Prosecutors alleged that Colacurcio Jr. gave cash to his then-wife, Teena, to pass to her sister, Jennifer Opheim-Palmeteer, and her sister’s boss, Jeff Carney a Kirkland motorcycle-shop owner. Each, in turn, wrote checks to the Wills campaign.
Carney has admitted he was reimbursed by Colacurcio’s former wife, prosecutors said. Carney was arrested in 2003 on charges that he was part of a large group of Hells Angels involved in fatal brawl with members of the rival Mongol motorcycle gang in a casino in Laughlin, Nev., in April 2002.
Carney declined comment today.
Those contributions and others raised questions in 2003, because many came from people outside Seattle who had not previously contributed to Seattle City Council races. Some could not explain why they suddenly became interested in Seattle politics, but denied having been reimbursed.
Conte, prosecutors alleged, gave cash to a bookkeeper at Talents West who donated to council races.
Furfaro was charged with giving money to her daughters to make donations. The city ethics commission had previously obtained evidence that Furfaro gave $2,300 to them and their husbands so they could contribute to the Nicastro campaign.
Commission officials referred their evidence to prosecutors last fall, saying they were unable to develop further evidence of a wider scheme because people wouldn’t cooperate or feared criminal prosecution.
All four defendants were charged with “conspiracy to offer a false instrument for filing,” a gross misdemeanor. Eight felony counts of filing a false instruments were also filed, alleging individual violations by the defendants.
The charges allege that by reimbursing other donors, the four caused false campaign-disclosure paperwork to be filed with the city and state.
Under state law, each faces up to one year in prison and at least a $15,000 fine, although Maleng said his office might seek an exceptional sentence to boost the penalties.
He cited the penalties as an example of the need for tougher laws.
Because the false-instrument law does not specifically refer to campaign contributions, defense attorneys are likely to argue that it cannot be applied in this case.
Maleng’s office obtained bank records of at least eight donors showing they wrote checks to council campaigns within days of depositing cash in the same amount into their bank accounts.

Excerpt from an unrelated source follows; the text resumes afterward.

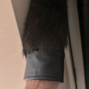 Beautiful black and brown leather and faux fur cost. Worn only twice. Waist is about 33 inches around. Coat is 37 inches long It has a button at the waist so a fitted style . Real leather panels at sides waistband and sleeves

Additional evidence was obtained by calling witnesses before a secret-inquiry-court judge in King County Superior Court. Some donors were given immunity from prosecution in exchange for their testimony, he said.
Prosecutors did not charge any of the people who received money to pass on to council candidates, though they could be called as witnesses at trial.

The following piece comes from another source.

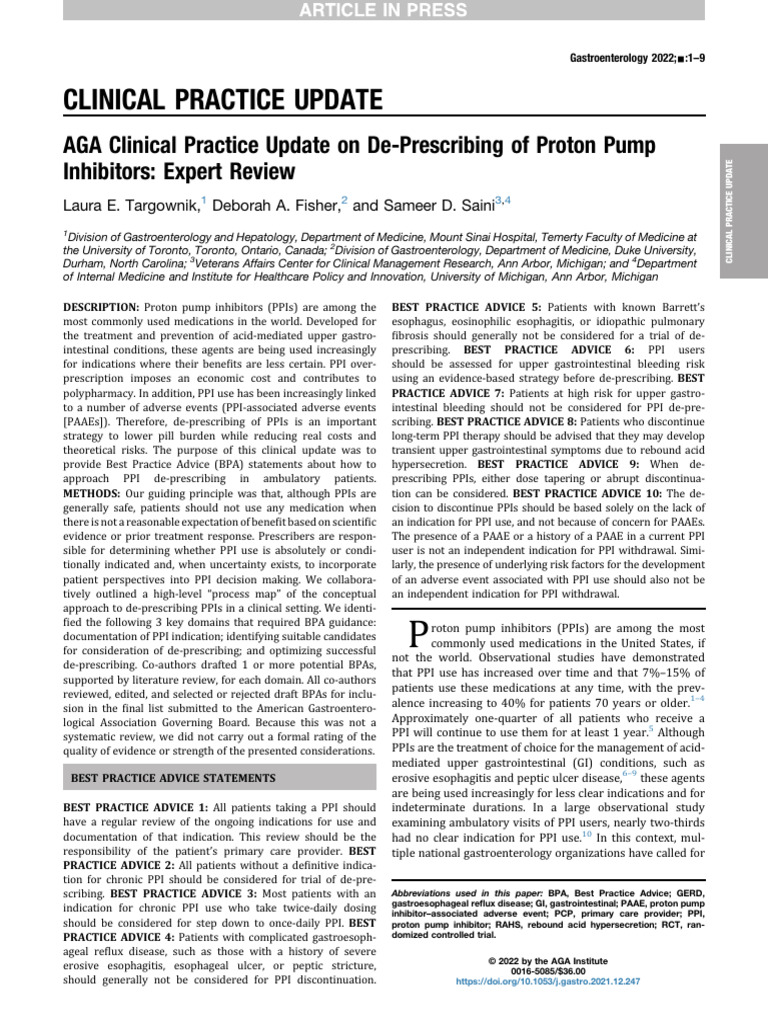 AGA 2022 - AGA Clinical Practice Update on De-Prescribing of Proton ...

The Colacurcio name has been associated with the lucrative world of strip clubs for nearly four decades. At one time, the family dominated the strip-club market in the Seattle area while financing clubs in several other states.

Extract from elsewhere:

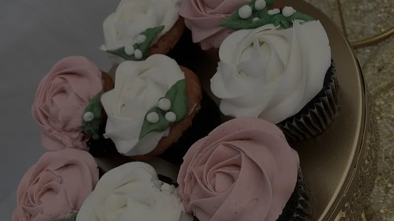 cupcakes with white and pink frosting

Colacurcio Sr. has served time in federal prison four times in the past 40 years, mainly for evading taxes on cash skimmed from his clubs. During a 1971 trial, federal prosecutors linked him to payoffs made to Seattle and King County police in exchange for overlooking illegal gambling.
In March, Colacurcio Sr. was sentenced to 90 days of home detention and barred for two years from entering Rick’s for groping a waitress at the club. He is appealing the conviction.
His son, Colacurcio Jr., now runs a smaller number of clubs, including Rick’s. In 1991, he pleaded guilty to a single tax-fraud charge and served six months in prison.
The Colacurcios’ efforts to win friends on the City Council came as they were seeking a rezone that would allow them to add at least seven parking spots to Rick’s. Though it was a seemingly minor request, it had been rejected twice since 1988 because the parcel of land in question was zoned residential.
In 2003, the rezone application was opposed by the city planning department and a hearing examiner; their denials were overturned by the council vote.
The charges filed today represent the most significant local campaign-finance prosecution since Seattle businessman Thomas Stewart pleaded guilty in 1998 to a federal charge of making illegal campaign donations to Republican candidates and causes.